Data to examine
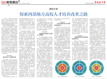 2.3月5日,《中國教育報(bào)》以“西華大學(xué):探索西部地方高校人才培養(yǎng)改革之路”為題,深入報(bào)道我校面向新時(shí)代高等教育發(fā)展新要求,精心修訂人才培養(yǎng)方案,構(gòu)建全員全程全方位育人工作格局,打造對接區(qū)域產(chǎn)業(yè)發(fā)展的培養(yǎng)體系,搭建激發(fā)學(xué)生創(chuàng)新熱情的培養(yǎng)平臺所開展的系列工作和取得的成績。
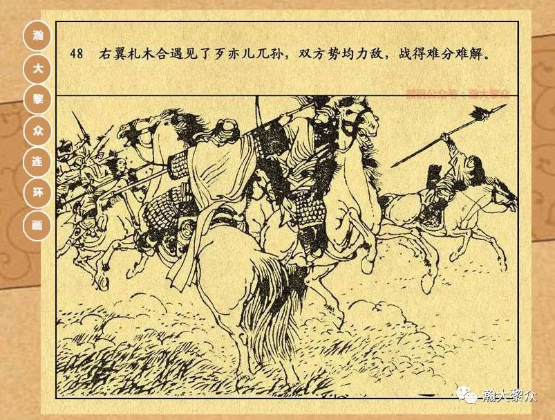 48右翼札木合遇见了歹亦儿兀孙,双方势均力敌,战得难分难解。
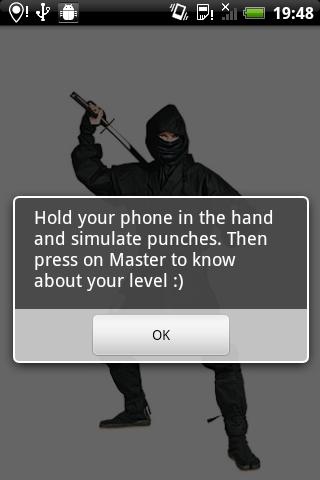 Just hold the phone in your hand and kick imaginary opponent, then press on Ninja on the screen to know his opinion about your level.
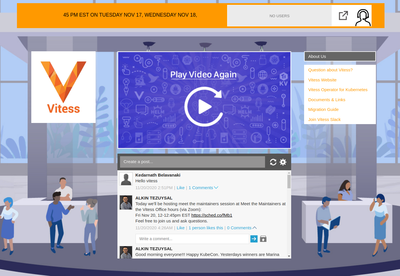 The Vitess team had a successful presence at Kubecon + CloudNativeCon North America 2020. This year's event was in a virtual format. It ran from Nov 17-20. We had 2 talks, a project booth and 3 office hours sessions. In addition, we had mentions in 2 major keynote talks.
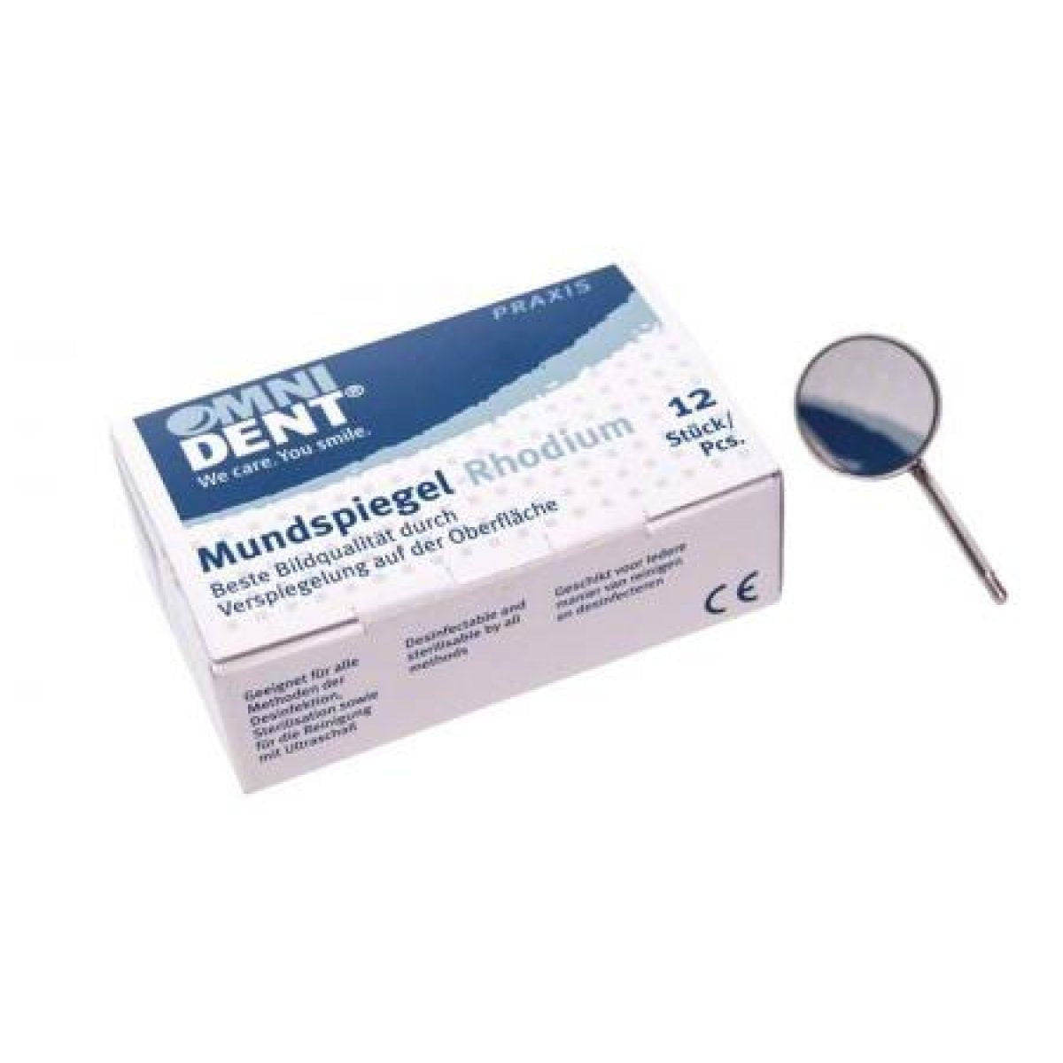 Pack of 12 mouth mirrors rhodium No. 4 magnifying 22 mm OMNIDENT mouth mirror standard: Special silver-titanium coating for extremely long durability. High reflection for best mirror quality. Made of stainless steel. Can be sterilized and disinfected. OMNIDENT mouth mirror rhodium: Absolutely sharp mirror image and therefore the best image quality thanks to surface sealing, as the reflection/mirroring takes place directly on the surface. Made of stainless steel. Can be sterilized and disinfected. Rhodium as a precious metal is also resistant to acidic solutions (e.g. Neodisher N).
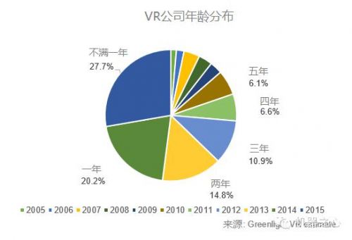 或许是受到Oculus被高价收购的刺激,近三成虚拟现实公司都是2014年下半年成立,尚不足1年;而0到1年的公司占了47.9%。
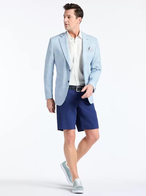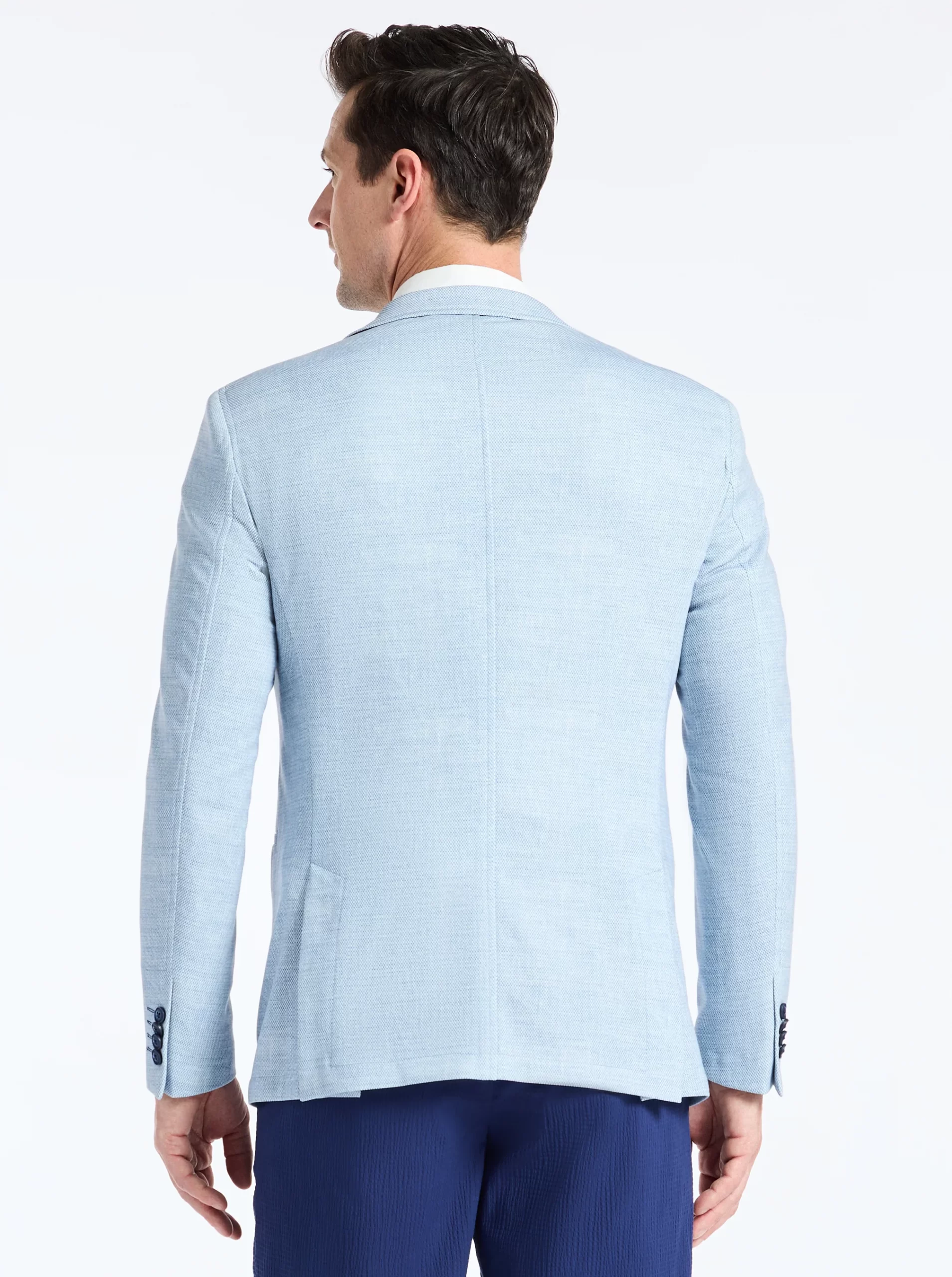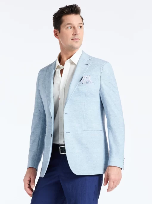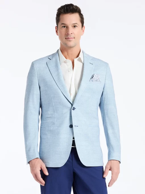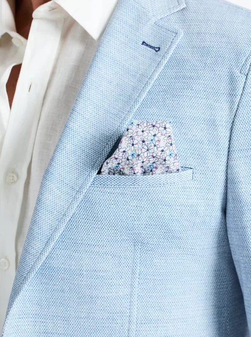 Elevate your everyday look with this luxe lightweight knit blazer. You’ll love the ease of layering this unlined style over your favorite button down or graphic tee. A floral-printed pullout pocket square adds a dapper finishing touch to this elegant piece. This style is slightly fitted. It is tailored for a closer-to-the-body fit, with all the RG personality you expect.
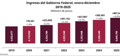 El Servicio de Administración Tributaria (SAT) informa que en 2025 los ingresos del Gobierno Federal, encabezado por la Presidenta Claudia Sheinbaum Pardo, alcanzaron los 6 billones 45 mil 795 millon...
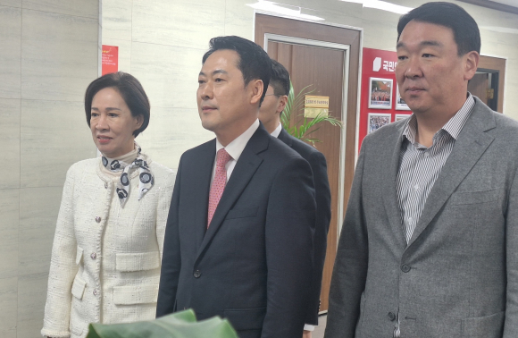 | ↑↑ 장동혁 국민의힘 대표(가운데)가 22일 오전 오는 지방선거에서 대구시장 공천과 관련해 대구지역 국회의원들과 만나고자 대구시당을 방문하고 있다. 황보문옥 기자 |
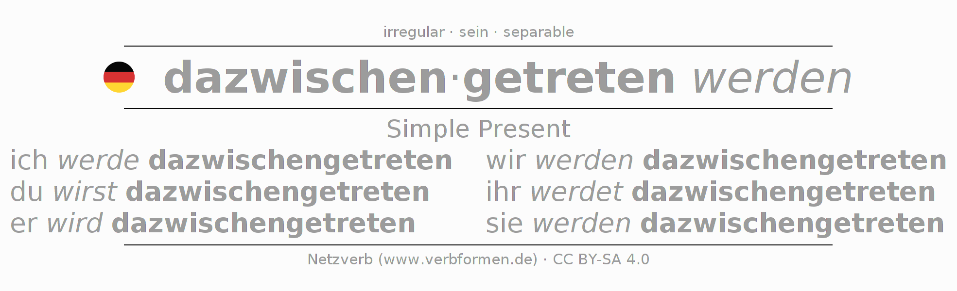 The verb dazwischentreten fully conjugated in all persons and numbers in the Present Indicative
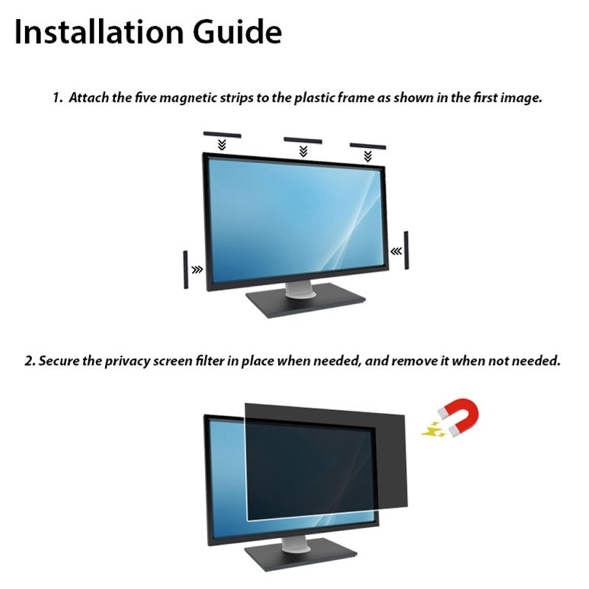 | Installation Guide | Attach magnetic strips to screen edges, align filter, and snap on |
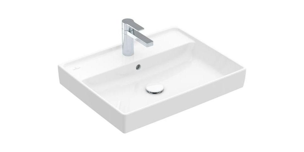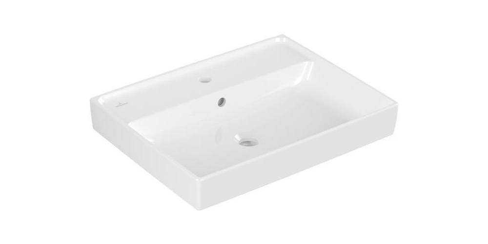 Villeroy & Boch Collaro · Waschbecken · TitanCeram · Maße: 600 x 470 mm · Rechteck · für 3·Loch Armatur geeignet · mittleres Hahnloch durchgestochen · mit Überlauf · EN 31 · EN 14688 · im Lieferumfang: 1 x Waschbecken · Optional erhältlich: Ablaufventile mit keramischer Abdeckung · 01 Weiß Alpin

Work task
The answer must be the full listing, restated word for word, with no pictures in it.

Your response
 2.3月5日,《中國教育報(bào)》以“西華大學(xué):探索西部地方高校人才培養(yǎng)改革之路”為題,深入報(bào)道我校面向新時(shí)代高等教育發(fā)展新要求,精心修訂人才培養(yǎng)方案,構(gòu)建全員全程全方位育人工作格局,打造對接區(qū)域產(chǎn)業(yè)發(fā)展的培養(yǎng)體系,搭建激發(fā)學(xué)生創(chuàng)新熱情的培養(yǎng)平臺所開展的系列工作和取得的成績。
 48右翼札木合遇见了歹亦儿兀孙,双方势均力敌,战得难分难解。
 Just hold the phone in your hand and kick imaginary opponent, then press on Ninja on the screen to know his opinion about your level.
 The Vitess team had a successful presence at Kubecon + CloudNativeCon North America 2020. This year's event was in a virtual format. It ran from Nov 17-20. We had 2 talks, a project booth and 3 office hours sessions. In addition, we had mentions in 2 major keynote talks.
 Pack of 12 mouth mirrors rhodium No. 4 magnifying 22 mm OMNIDENT mouth mirror standard: Special silver-titanium coating for extremely long durability. High reflection for best mirror quality. Made of stainless steel. Can be sterilized and disinfected. OMNIDENT mouth mirror rhodium: Absolutely sharp mirror image and therefore the best image quality thanks to surface sealing, as the reflection/mirroring takes place directly on the surface. Made of stainless steel. Can be sterilized and disinfected. Rhodium as a precious metal is also resistant to acidic solutions (e.g. Neodisher N).
 或许是受到Oculus被高价收购的刺激,近三成虚拟现实公司都是2014年下半年成立,尚不足1年;而0到1年的公司占了47.9%。
 Elevate your everyday look with this luxe lightweight knit blazer. You’ll love the ease of layering this unlined style over your favorite button down or graphic tee. A floral-printed pullout pocket square adds a dapper finishing touch to this elegant piece. This style is slightly fitted. It is tailored for a closer-to-the-body fit, with all the RG personality you expect.
 El Servicio de Administración Tributaria (SAT) informa que en 2025 los ingresos del Gobierno Federal, encabezado por la Presidenta Claudia Sheinbaum Pardo, alcanzaron los 6 billones 45 mil 795 millon...
 | ↑↑ 장동혁 국민의힘 대표(가운데)가 22일 오전 오는 지방선거에서 대구시장 공천과 관련해 대구지역 국회의원들과 만나고자 대구시당을 방문하고 있다. 황보문옥 기자 |
 The verb dazwischentreten fully conjugated in all persons and numbers in the Present Indicative
 | Installation Guide | Attach magnetic strips to screen edges, align filter, and snap on |
 Villeroy & Boch Collaro · Waschbecken · TitanCeram · Maße: 600 x 470 mm · Rechteck · für 3·Loch Armatur geeignet · mittleres Hahnloch durchgestochen · mit Überlauf · EN 31 · EN 14688 · im Lieferumfang: 1 x Waschbecken · Optional erhältlich: Ablaufventile mit keramischer Abdeckung · 01 Weiß Alpin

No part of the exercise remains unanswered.